Closed wlwqq closed 3 months ago
i can run success in A10, but T4 hangs
might be a flashinfer problem, cc @LiuXiaoxuanPKU
my flashinfer version flashinfer-0.0.8+cu121torch2.3-cp38-cp38-linux_x86_64.whl
@youkaichao @LiuXiaoxuanPKU
FlashInfer needs compute capability >8.0 (see doc: https://docs.flashinfer.ai/installation.html), so it will not work on T4. We should have a better error message than this though.

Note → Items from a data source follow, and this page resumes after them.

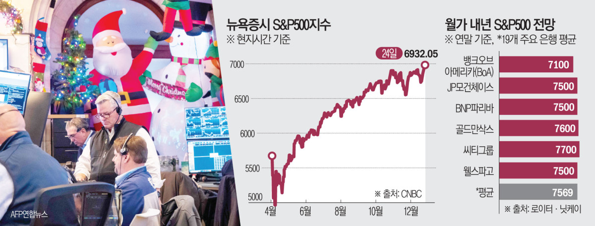 월가 주요 은행과 증권사들은 내년에도 강세장이 이어질 것으로 내다봤다. 다만 그 폭은 예년에 미치지 못할 것으로 관측됐다. 로이터통신에 따르면 19개 은행·증권사의 내년 말 S&P지수 전망치 평균은 7569다. 이는 이날 종가 대비 약 9.19% 오르는 것이다.
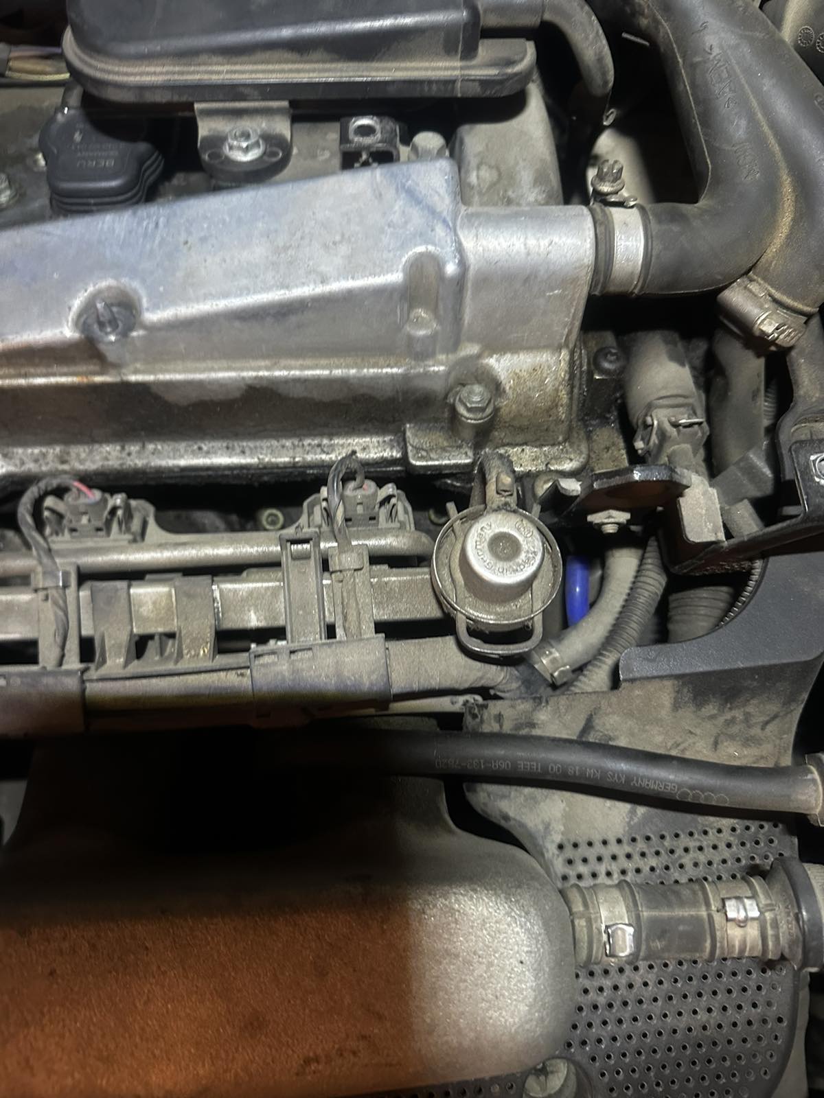Имам 1.8т (АУМ) в А3. Наскоро сменях свещи (бобините са що годе нови). Свещите бяха много стари, но реално не правеше никакви проблеми, но реших да ги сменя. Казах на майстора да огледа и вакумите, защото знаех че в картерната вентилация има теч (чуваше се да съска). Момчето каза, че е сменил няколко малки маркучета (едното се вижда на снимката "синьото").
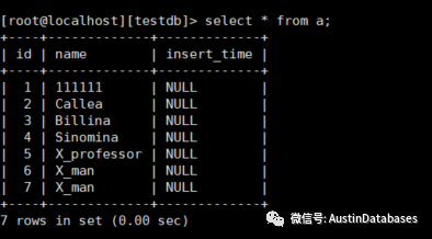 1 请创建一个简单的表,具体有多简单,1 要有主键, 2 要有一个非主键的字段,例如varchar(30), 然后输入一些信息,类似下面这样。

If you install the latest nightly, you can run gemma with logits soft capping via flash attention backend
so, i should update os.environ["VLLM_ATTENTION_BACKEND"] = "FLASHINFER" to os.environ["VLLM_ATTENTION_BACKEND"] = "FLASH_ATTN" ? @robertgshaw2-neuralmagic
vllm 0.5.1 in selector.py
if selected_backend == _Backend.FLASH_ATTN:
if torch.cuda.get_device_capability()[0] < 8:
# Volta and Turing NVIDIA GPUs.
logger.info(
"Cannot use FlashAttention-2 backend for Volta and Turing "
"GPUs.")
selected_backend = _Backend.XFORMERS
if i want run gemma-2-2b on Tesla T4. what attention backend is useful? @youkaichao @robertgshaw2-neuralmagic
then you are out of luck. XFORMERS does not support logits capping used in gemma :(
use a more recent GPU, that's all I can say. or pray for flash attention to support T4.
just got this on a 3090
I dealt with it by changing "attn_logit_softcapping": null
and "final_logit_softcapping": null
in config.json. It succesfully run on 2xNvidia T4 vllm/vllm-openai:v0.6.2. My benchmarks did not get worse.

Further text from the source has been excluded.